Now, we can find \( t \) using the inverse sine function:

\( t = \sin^{-1}(0.4905) \approx 0.515 \, \text{s} \)

Calculating the Velocity

To find the velocity at this time, we need to integrate the acceleration over time. The velocity \( v \) can be found by integrating the acceleration function:

Since \( a = 4 \sin(t) - 1.962 \), we can integrate this with respect to \( t \):

\( v(t) = \int (4 \sin(t) - 1.962) \, dt \)

Calculating the integral gives:

\( v(t) = -4 \cos(t) - 1.962t + C \)

To find the constant \( C \), we assume the initial velocity \( v(0) = 0 \):

\( v(0) = -4 \cos(0) - 1.962(0) + C = 0 \)

Thus, \( C = 4 \).

Now, substituting back into the velocity equation:

\( v(t) = -4 \cos(t) - 1.962t + 4 \)

Now we can find \( v(0.515) \):

\( v(0.515) = -4 \cos(0.515) - 1.962(0.515) + 4 \)

Calculating \( \cos(0.515) \approx 0.857 \):

\( v(0.515) = -4(0.857) - 1.962(0.515) + 4 \)

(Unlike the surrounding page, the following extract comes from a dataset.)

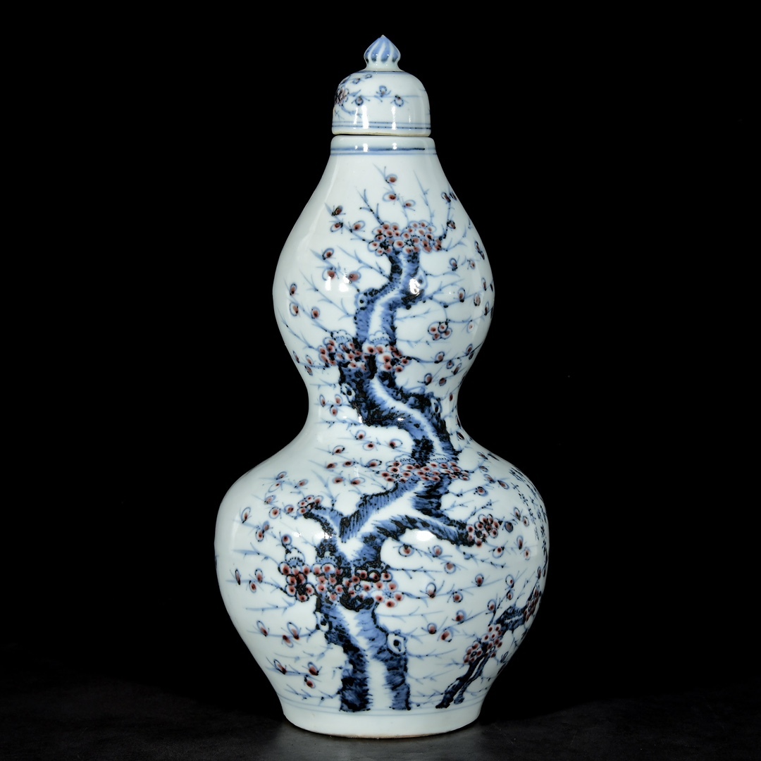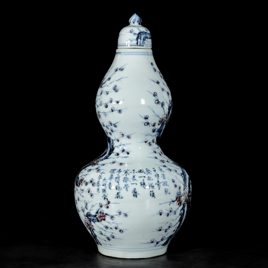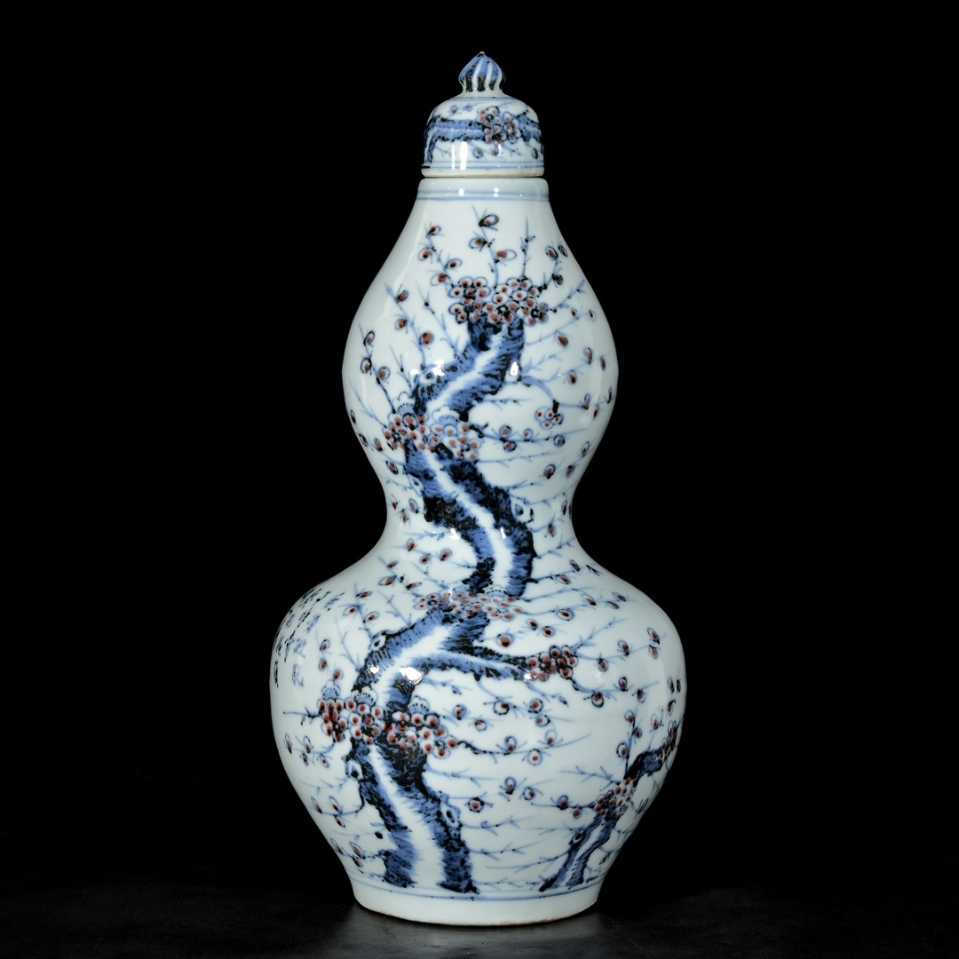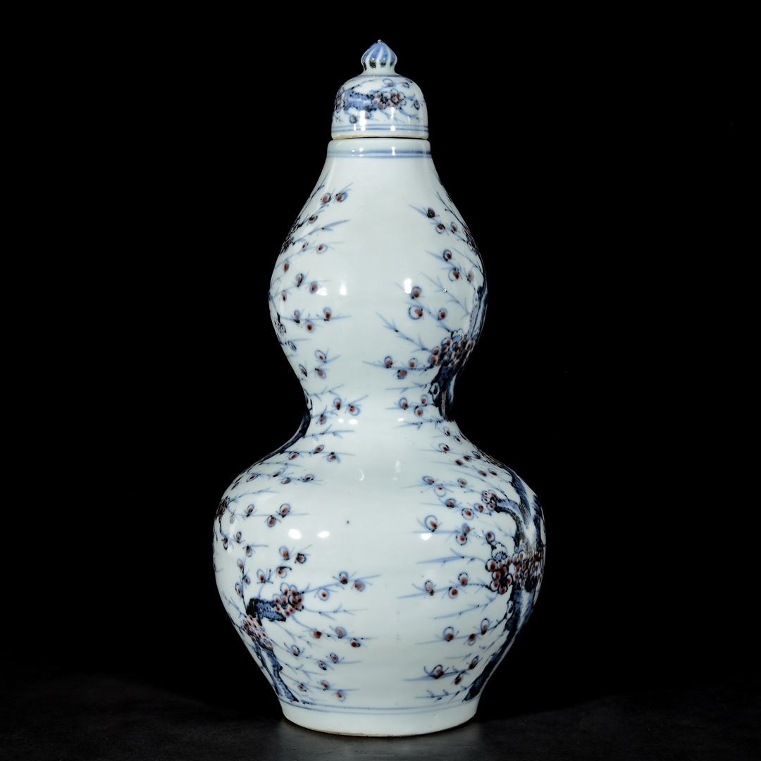 *珍品旧蔵* 明 洪武年製 青花釉 裏紅 梅花紋 葫蘆瓶 陶磁器 極細工 唐物 中国磁器 中国古玩 陶芸 H44

\( v(0.515) \approx -3.428 - 1.012 + 4 \approx -0.440 \, \text{m/s} \)

Since we are interested in the speed, we take the absolute value. However, this indicates that the body is not moving forward at this point, as the friction is greater than the applied force. Thus, the body does not reach a positive velocity before the acceleration becomes zero.

Final Thoughts

Based on the calculations, the velocity of the body when its acceleration becomes zero for the first time is not among the options provided. Therefore, the correct answer is (d) none of these.